◆ YOUR OBJECTIVE:
Give back the entries exactly as they read, leaving each image out.

◆ DATA EXTRACTS:

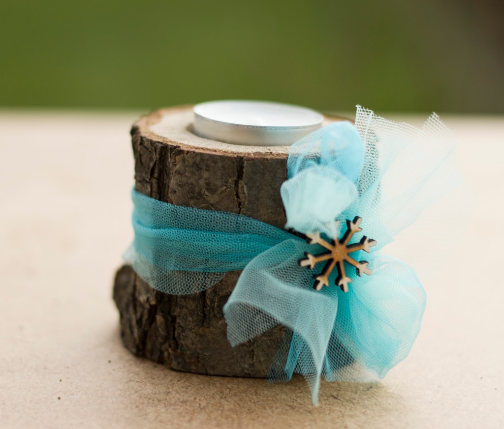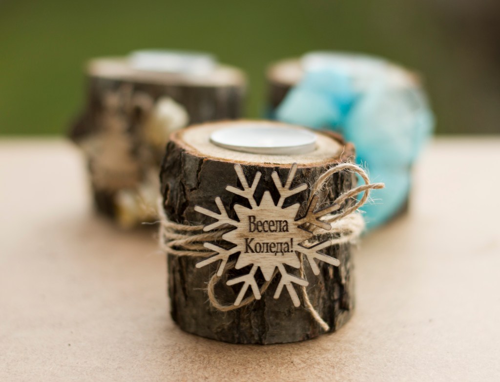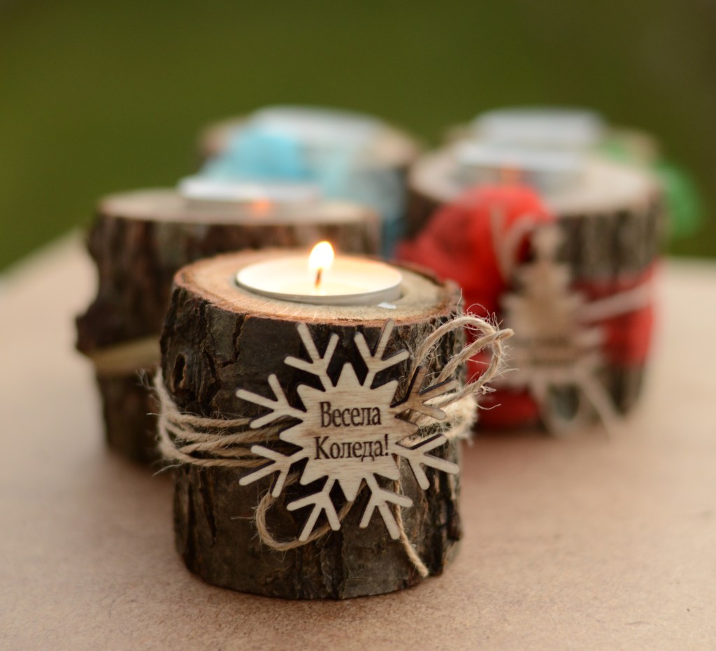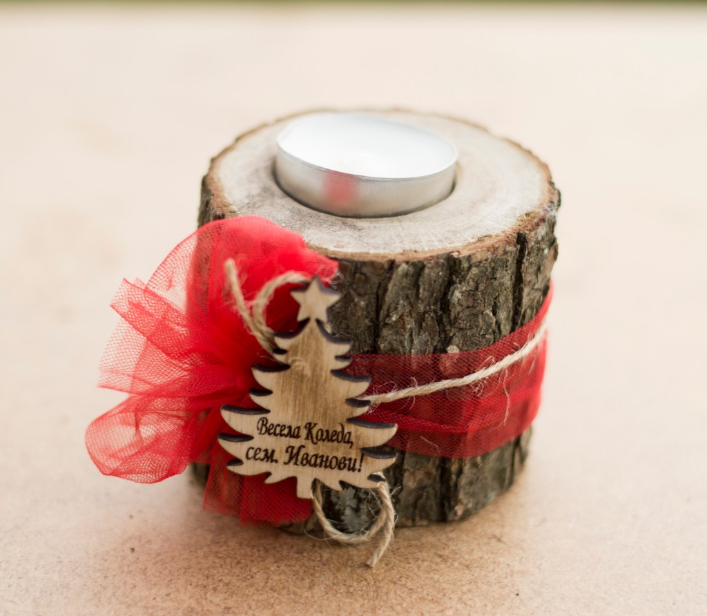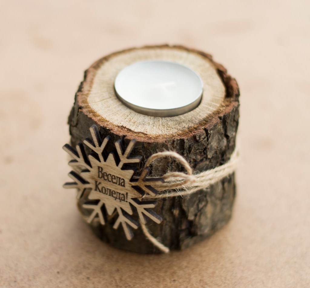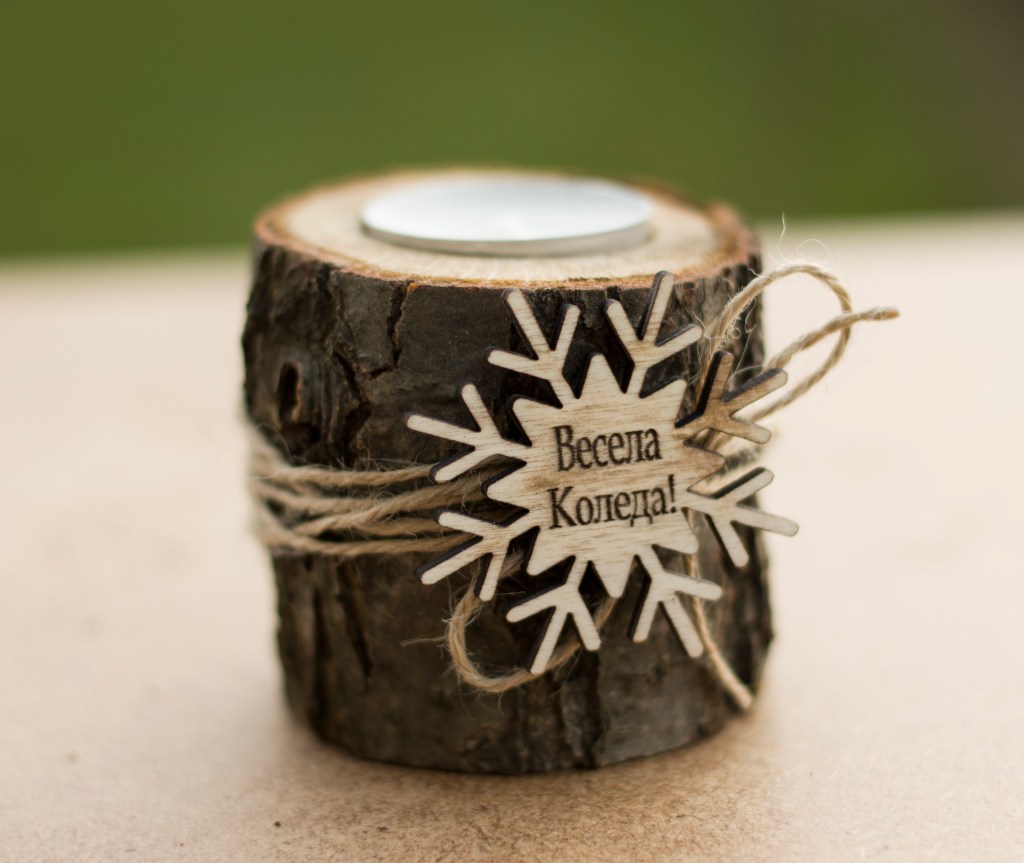 Коледна поставка за чаена свещ, лазерно гравирана.
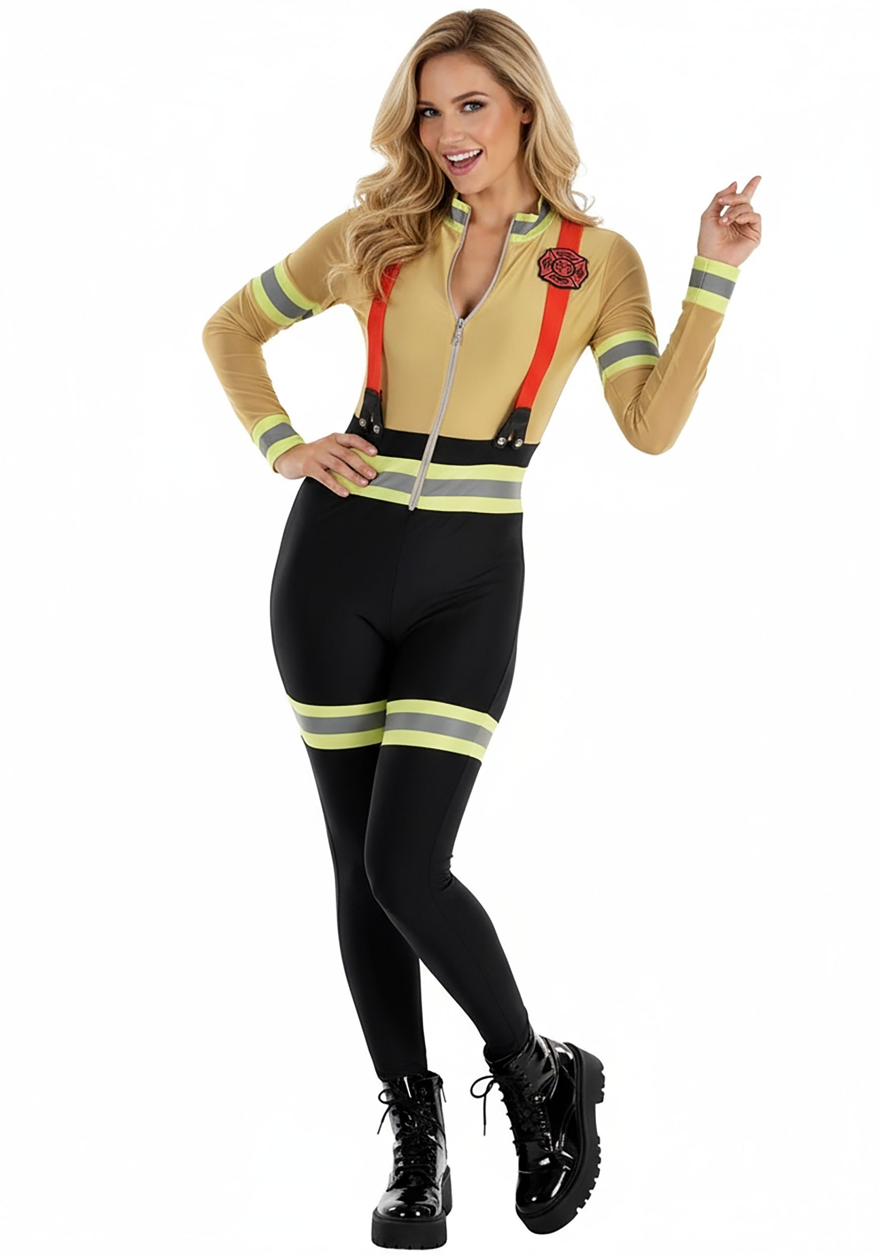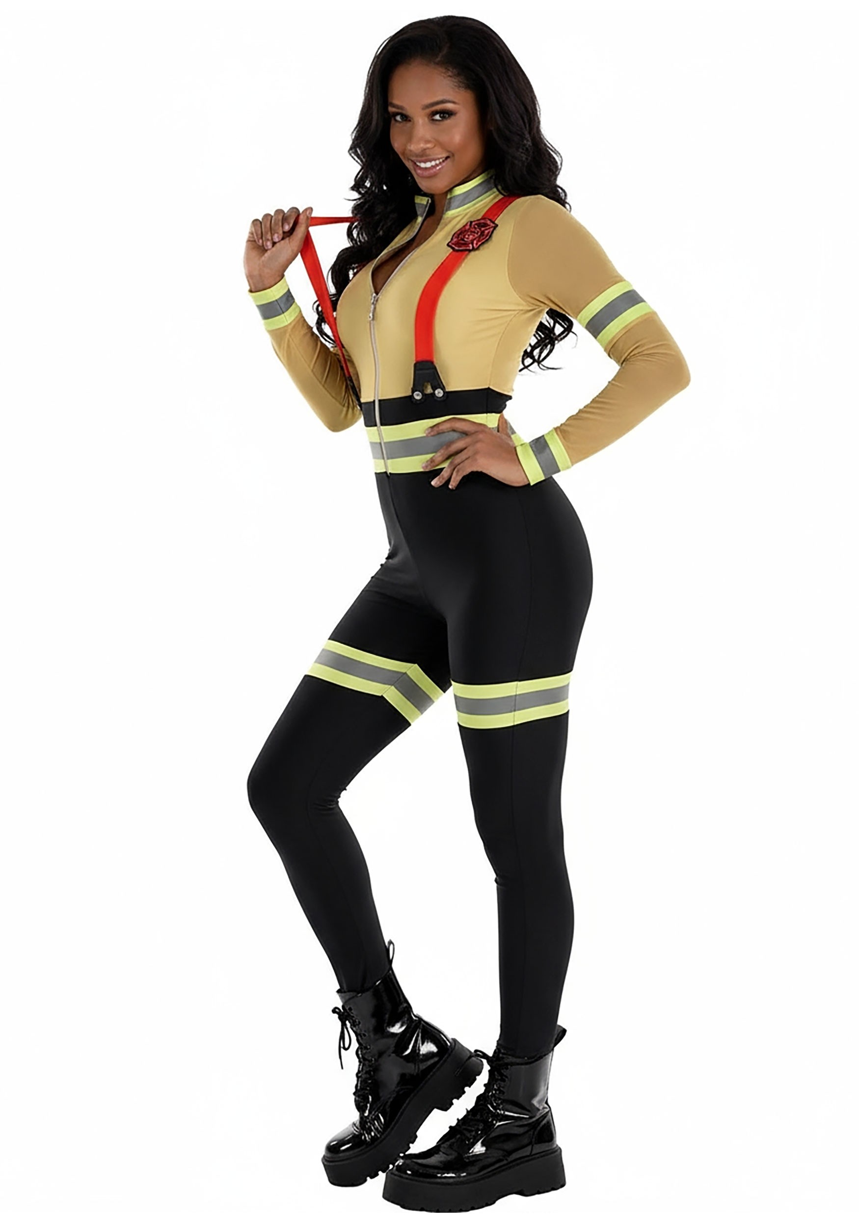 This firefighter-inspired jumpsuit is designed for a sleek, form-fitting look with just the right amount of stretch—because saving the day should never feel restrictive. The tan top half is styled like a traditional firefighter coat, complete with yellow and reflective stripes on the sleeves, wrists, waist, and thighs. The bottom half transitions to black, creating that firefighter uniform contrast.
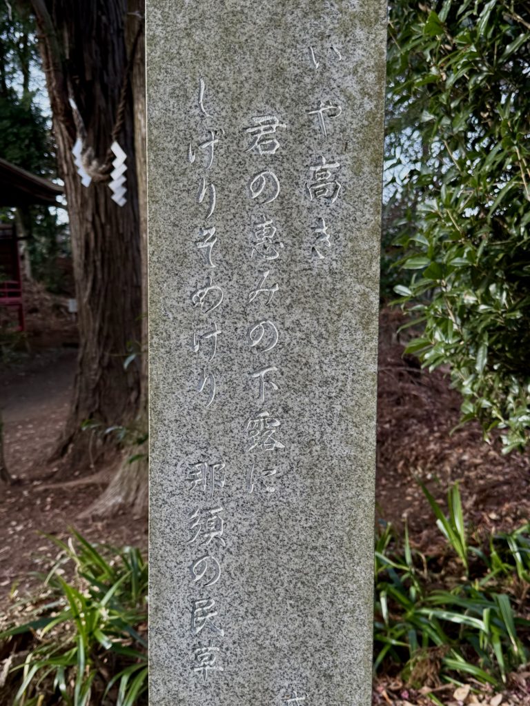 > 神社の近くに、矢板武の歌が刻んでありました。しげりそめけり那須の民草…
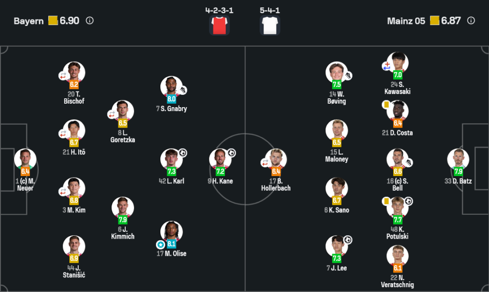 ผู้เล่นยอดเยี่ยมของเกมนี้คือ มิคาเอล โอลิส ปีกฝรั่งเศสของบาเยิร์น ที่ได้เรตติ้งสูงถึง 8.1 ตลอดทั้งเกมเขาคือจุดแตกต่างในเกมรุกของเสือใต้ เลี้ยงกินตัวคู่แข่งได้ต่อเนื่อง ดึงตัวประกบสองคนเปิดพื้นที่ให้เพื่อนเล่นง่ายขึ้น สร้างโอกาสยิงและโอกาสทำประตูหลายครั้ง ทั้งยังช่วยไล่บีบคืนบอลทันทีที่ทีมเสียการครองบอล แม้จะไม่มีชื่อบนสกอร์บอร์ด แต่พลังสร้างสรรค์ของโอลิสคือเหตุผลสำคัญที่ทำให้บาเยิร์นบุกกดไมนซ์จนแทบโงหัวไม่ขึ้นตลอดทั้ง 90 นาที
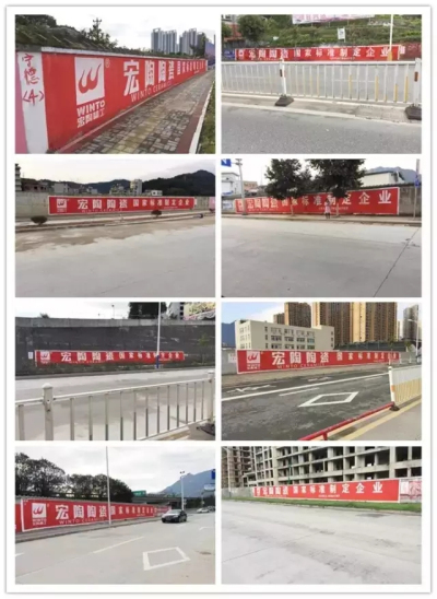 宏陶陶瓷抓住了墻體廣告這爭奪農村市場中重要的一環,經過春節時間的醞釀,現已在全國各地遍地開花,特別是在福建地區,宏陶陶瓷的墻體廣告已頗具規模,隨處可見。宏陶陶瓷以接地氣的文案,狂拽炫酷的姿勢,42幅廣告的大手筆,席卷福安、涵江、惠安、連江、寧德、仙游地區。
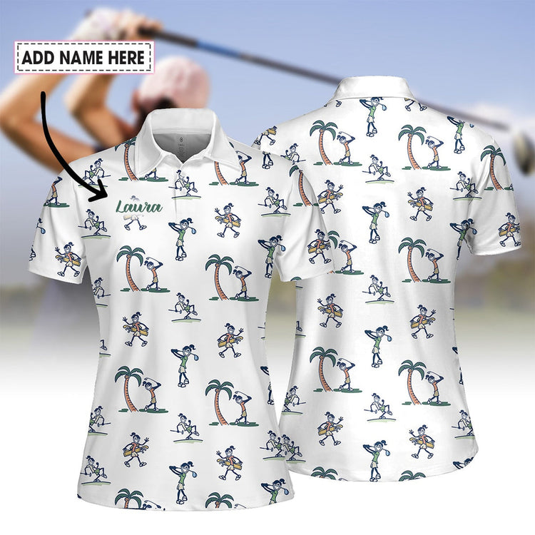 Personalized Name Seamless Palm Tree Golf Women Polo Shirt

◆ RESPONSE:
 Коледна поставка за чаена свещ, лазерно гравирана.
 This firefighter-inspired jumpsuit is designed for a sleek, form-fitting look with just the right amount of stretch—because saving the day should never feel restrictive. The tan top half is styled like a traditional firefighter coat, complete with yellow and reflective stripes on the sleeves, wrists, waist, and thighs. The bottom half transitions to black, creating that firefighter uniform contrast.
 > 神社の近くに、矢板武の歌が刻んでありました。しげりそめけり那須の民草…
 ผู้เล่นยอดเยี่ยมของเกมนี้คือ มิคาเอล โอลิส ปีกฝรั่งเศสของบาเยิร์น ที่ได้เรตติ้งสูงถึง 8.1 ตลอดทั้งเกมเขาคือจุดแตกต่างในเกมรุกของเสือใต้ เลี้ยงกินตัวคู่แข่งได้ต่อเนื่อง ดึงตัวประกบสองคนเปิดพื้นที่ให้เพื่อนเล่นง่ายขึ้น สร้างโอกาสยิงและโอกาสทำประตูหลายครั้ง ทั้งยังช่วยไล่บีบคืนบอลทันทีที่ทีมเสียการครองบอล แม้จะไม่มีชื่อบนสกอร์บอร์ด แต่พลังสร้างสรรค์ของโอลิสคือเหตุผลสำคัญที่ทำให้บาเยิร์นบุกกดไมนซ์จนแทบโงหัวไม่ขึ้นตลอดทั้ง 90 นาที
 宏陶陶瓷抓住了墻體廣告這爭奪農村市場中重要的一環,經過春節時間的醞釀,現已在全國各地遍地開花,特別是在福建地區,宏陶陶瓷的墻體廣告已頗具規模,隨處可見。宏陶陶瓷以接地氣的文案,狂拽炫酷的姿勢,42幅廣告的大手筆,席卷福安、涵江、惠安、連江、寧德、仙游地區。
 Personalized Name Seamless Palm Tree Golf Women Polo Shirt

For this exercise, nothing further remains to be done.